Details continued to be hashed out Tuesday, but the general shape of the agreement became known from sources close to both sides, who would not speak for attribution.
The most contentious issue had been the contract terms for touring productions. In recent years, Broadway producers have licensed touring rights for an increasing number of their shows to other producers who don’t use Equity contracts. The union’s single production contract -- which was used on tours as well as on Broadway -- was too costly, the producers contended.
The new agreement would set up seven tiers of wage scales within the production contract, allowing potentially less successful productions to use the lower tiers while blockbusters still use the full contract.
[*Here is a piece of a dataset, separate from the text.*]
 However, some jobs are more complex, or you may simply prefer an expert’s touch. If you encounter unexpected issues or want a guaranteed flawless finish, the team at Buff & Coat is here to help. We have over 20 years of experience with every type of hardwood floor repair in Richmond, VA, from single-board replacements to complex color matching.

Probably the most decisive factor that will determine a production’s placement on the tiers will be the size of the return that local presenters -- such as the Nederlander company’s Broadway/LA or Center Theatre Group in Los Angeles -- guarantee to the producers. That figure (usually between $200,000 and $350,000 a week in a major market) is hammered out in the negotiations between producers and presenters, based on a tour’s perceived commercial appeal.
Ken Gentry, whose NETworks company produces the non-Equity tour of “Oklahoma!” that recently played the Orange County Performing Arts Center and is scheduled to play the Pantages Theatre in Hollywood next January, said Tuesday that the tour would have been on an Equity contract if a tier system had been available.
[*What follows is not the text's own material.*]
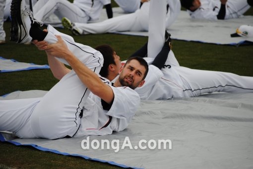 [포토] 두산 니퍼트 ‘다리 찢기는 힘들어’
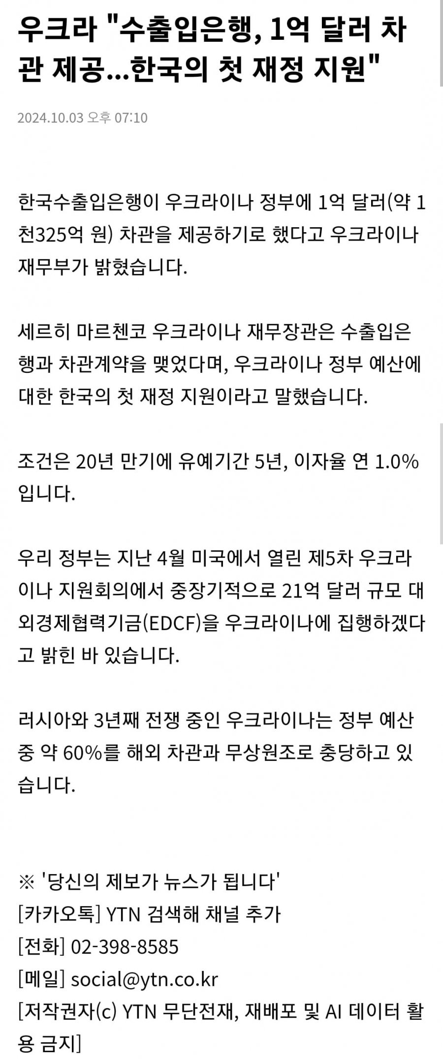 우크라 "수출입은행, 1억 달러 차관 제공...한국의 첫 재정 지원"

The “Oklahoma!” tour probably won’t switch to an Equity contract for the duration of its run, he said, because “we have a full cast of [non-Equity] people we’re pleased with.”
Still, he said that nonunion tours might eventually vanish from the 70 major markets where tours usually play at least a week. In the 230 smaller markets where tours play only half-weeks or even one-night stands, non-Equity casts will probably continue performing, Gentry said. And foreign markets are another potential source of audiences for non-Equity tours.
Most professional theaters in the Southland are nonprofit institutions that already operate on lower-paying Equity contracts. But if agreement had not been reached and Equity had launched a strike, it probably would have darkened such currently local tours as “Thoroughly Modern Millie” and “Hairspray” as well as most of Broadway.
The formal ratification process could take at least four weeks. The agreement will be submitted to the Equity board and the executive board of the League of American Theatres and Producers later this week. Assuming the Equity board approves it, it will then go to a vote, conducted by mail, of 6,000 members of Equity who have worked under the production contract during the last eight years.